Tes Narkoba KAI Semarang: Pastikan Petugas Prima Jelang Angkutan Lebaran 2026
PT Kereta Api Indonesia (Persero) Daop 4 Semarang menggelar inspeksi mendadak tes narkoba kepada seluruh petugas operasional. Inisiatif ini menegaskan komitmen KAI Semarang dalam menjaga keselamatan perjalanan kereta api, terutama menjelang angkutan Lebar
PT Kereta Api Indonesia (Persero) Daerah Operasi (Daop) 4 Semarang secara proaktif menggelar inspeksi mendadak (sidak) tes narkoba bagi seluruh petugas yang terlibat langsung dalam operasional perjalanan kereta api. Kegiatan ini dilaksanakan pada Minggu, 15 Maret 2026, sebagai bagian dari upaya persiapan menghadapi masa angkutan Lebaran 2026.
Langkah tegas ini diambil untuk memastikan bahwa setiap petugas yang bertugas berada dalam kondisi fisik dan mental yang prima, bebas dari pengaruh penyalahgunaan narkotika. Tes narkoba ini menyasar berbagai awak sarana perkeretaapian dan pekerja stasiun di wilayah Daop 4 Semarang.
Menurut Manager Humas KAI Daop 4 Semarang, Luqman Arif, inisiatif ini merupakan wujud nyata komitmen perusahaan terhadap keselamatan dan kenyamanan penumpang. Prioritas utama KAI adalah memberikan layanan terbaik tanpa kompromi terhadap faktor keamanan.
Komitmen KAI Daop 4 Semarang Jamin Keselamatan Angkutan Lebaran
KAI Daop 4 Semarang menunjukkan keseriusannya dalam menjamin keselamatan perjalanan kereta api, terutama menjelang periode padat seperti angkutan Lebaran 2026. Tes narkoba mendadak ini menjadi salah satu pilar utama dalam strategi pencegahan insiden.
Luqman Arif menegaskan bahwa petugas perjalanan merupakan garda terdepan yang berinteraksi langsung dengan pelanggan dan bertanggung jawab atas kelancaran operasional. Oleh karena itu, kondisi kesehatan dan bebas narkotika mereka sangat krusial.
Kegiatan ini juga selaras dengan standar operasional prosedur (SOP) KAI yang ketat untuk menjaga integritas dan profesionalisme seluruh karyawannya. Keselamatan penumpang adalah prioritas utama yang tidak dapat ditawar.
Prosedur dan Hasil Tes Narkoba yang Transparan
Pelaksanaan tes narkoba dilakukan secara acak dan mendadak, tanpa pemberitahuan sebelumnya kepada para petugas. Hal ini untuk memastikan objektivitas dan keaslian hasil pemeriksaan.
Beberapa awak sarana perkeretaapian di UPT crew Semarang Poncol menjadi sasaran awal dari inspeksi ini.
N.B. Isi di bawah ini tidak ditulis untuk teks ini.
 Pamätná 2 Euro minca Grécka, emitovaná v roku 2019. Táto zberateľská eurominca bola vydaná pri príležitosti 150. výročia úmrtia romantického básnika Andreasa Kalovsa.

Program pengecekan melibatkan masinis, asisten masinis, kondektur, teknisi kereta api, polsuska, prama/prami, petugas kebersihan, petugas perlintasan, dan pekerja stasiun lainnya.
Dalam tes ini, digunakan alat tes urine dengan enam parameter deteksi, meliputi Amphetamine (AMP), Morphine/Opiate (MOP), Mariyuana (THC), Cocaine (COC), Methamphetamine (MET), dan Benzoidazepine (BZD). Hasil pemeriksaan menunjukkan bahwa seluruh peserta memiliki hasil negatif.
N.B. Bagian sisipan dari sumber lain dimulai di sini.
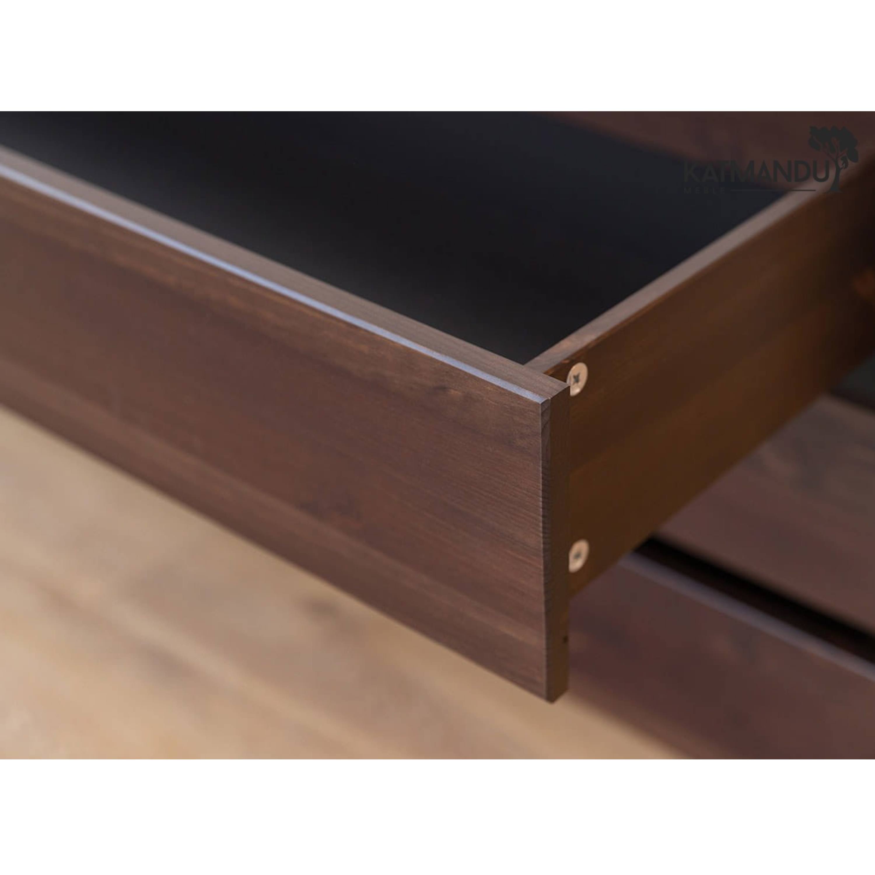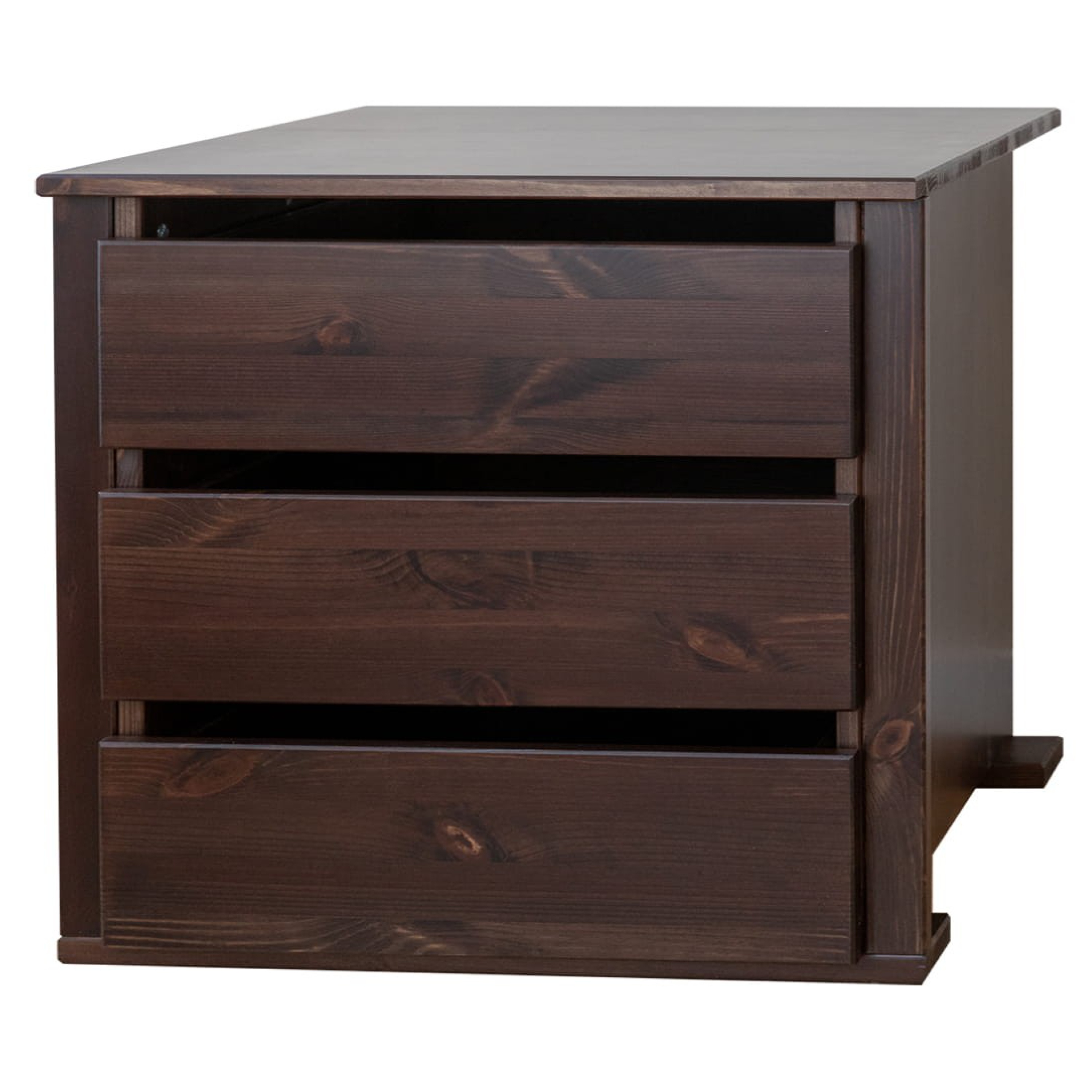 Vyrobený je z masívneho borovicového dreva, ktoré vyniká pevnosťou, dlhou životnosťou a prirodzeným vzhľadom. Jeho povrch je ošetrený farbou na vodnej báze s cca 70 % krytím, ktorá necháva vyniknúť prirodzenú štruktúru dreva a podporuje autentický vzhľad nábytku. Vybavený je 3 praktickými zásuvkami, ktoré pomôžu usporiadať drobné odevy a doplnky vo vnútri skrine. Systém tlmeného dovierania navyše umožňuje plynulé a tiché zatváranie zásuviek.

"Ini menjadi bukti bahwa para pekerja KAI Daop 4 Semarang bebas dari penyalahgunaan narkotika," ujar Luqman Arif. Hasil ini memberikan jaminan awal tentang kesiapan petugas.
Upaya Berkelanjutan Pencegahan Penyalahgunaan Narkotika
KAI Daop 4 Semarang tidak akan berhenti pada satu kali sidak saja. Luqman Arif menyatakan bahwa kegiatan serupa akan terus dilaksanakan secara rahasia dan acak di seluruh wilayah Daop 4.
Tindakan ini merupakan bagian dari upaya berkelanjutan perusahaan untuk memastikan tidak ada petugas yang terlibat dalam penyalahgunaan narkotika. Keterlibatan narkotika dapat membahayakan keselamatan perjalanan kereta api dan mengancam nyawa penumpang.
Fokus pada kondisi fisik dan mental prima bagi setiap petugas yang berdinas menjadi landasan utama kebijakan ini. KAI berkomitmen penuh untuk menjaga standar keamanan tertinggi demi kenyamanan dan kepercayaan masyarakat.